Data shown —
------------------------------

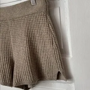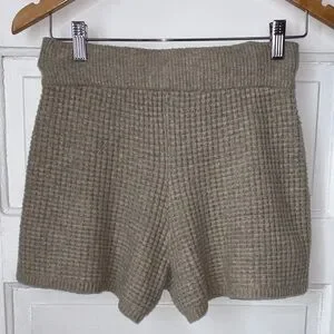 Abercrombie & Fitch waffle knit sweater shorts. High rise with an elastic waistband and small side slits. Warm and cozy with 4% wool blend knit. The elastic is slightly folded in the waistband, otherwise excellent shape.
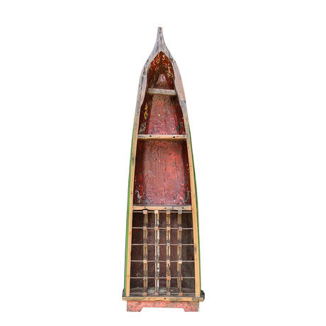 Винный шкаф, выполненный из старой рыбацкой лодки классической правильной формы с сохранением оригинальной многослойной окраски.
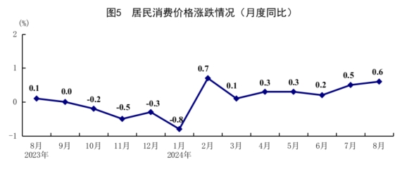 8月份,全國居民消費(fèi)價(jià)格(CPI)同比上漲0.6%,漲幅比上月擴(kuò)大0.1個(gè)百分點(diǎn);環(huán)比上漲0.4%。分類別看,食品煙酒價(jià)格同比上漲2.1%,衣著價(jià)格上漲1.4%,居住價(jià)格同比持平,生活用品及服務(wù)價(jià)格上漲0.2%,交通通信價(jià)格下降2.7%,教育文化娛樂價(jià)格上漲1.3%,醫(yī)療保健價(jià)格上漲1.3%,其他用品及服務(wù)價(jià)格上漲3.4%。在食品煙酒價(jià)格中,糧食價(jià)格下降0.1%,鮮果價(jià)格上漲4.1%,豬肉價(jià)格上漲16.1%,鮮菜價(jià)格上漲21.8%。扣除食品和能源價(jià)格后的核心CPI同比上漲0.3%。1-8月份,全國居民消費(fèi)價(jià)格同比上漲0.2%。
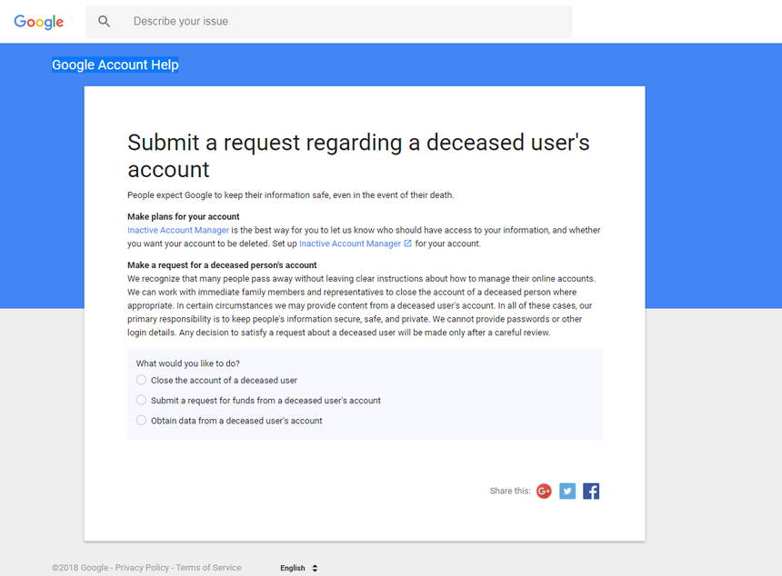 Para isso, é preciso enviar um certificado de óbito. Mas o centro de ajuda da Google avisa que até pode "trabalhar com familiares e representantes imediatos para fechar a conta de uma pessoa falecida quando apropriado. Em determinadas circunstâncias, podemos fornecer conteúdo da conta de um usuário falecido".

------------------------------

Exercise directions — Could you transcribe the material above exactly, keeping every picture out?

Answer section —
 Abercrombie & Fitch waffle knit sweater shorts. High rise with an elastic waistband and small side slits. Warm and cozy with 4% wool blend knit. The elastic is slightly folded in the waistband, otherwise excellent shape.
 Винный шкаф, выполненный из старой рыбацкой лодки классической правильной формы с сохранением оригинальной многослойной окраски.
 8月份,全國居民消費(fèi)價(jià)格(CPI)同比上漲0.6%,漲幅比上月擴(kuò)大0.1個(gè)百分點(diǎn);環(huán)比上漲0.4%。分類別看,食品煙酒價(jià)格同比上漲2.1%,衣著價(jià)格上漲1.4%,居住價(jià)格同比持平,生活用品及服務(wù)價(jià)格上漲0.2%,交通通信價(jià)格下降2.7%,教育文化娛樂價(jià)格上漲1.3%,醫(yī)療保健價(jià)格上漲1.3%,其他用品及服務(wù)價(jià)格上漲3.4%。在食品煙酒價(jià)格中,糧食價(jià)格下降0.1%,鮮果價(jià)格上漲4.1%,豬肉價(jià)格上漲16.1%,鮮菜價(jià)格上漲21.8%。扣除食品和能源價(jià)格后的核心CPI同比上漲0.3%。1-8月份,全國居民消費(fèi)價(jià)格同比上漲0.2%。
 Para isso, é preciso enviar um certificado de óbito. Mas o centro de ajuda da Google avisa que até pode "trabalhar com familiares e representantes imediatos para fechar a conta de uma pessoa falecida quando apropriado. Em determinadas circunstâncias, podemos fornecer conteúdo da conta de um usuário falecido".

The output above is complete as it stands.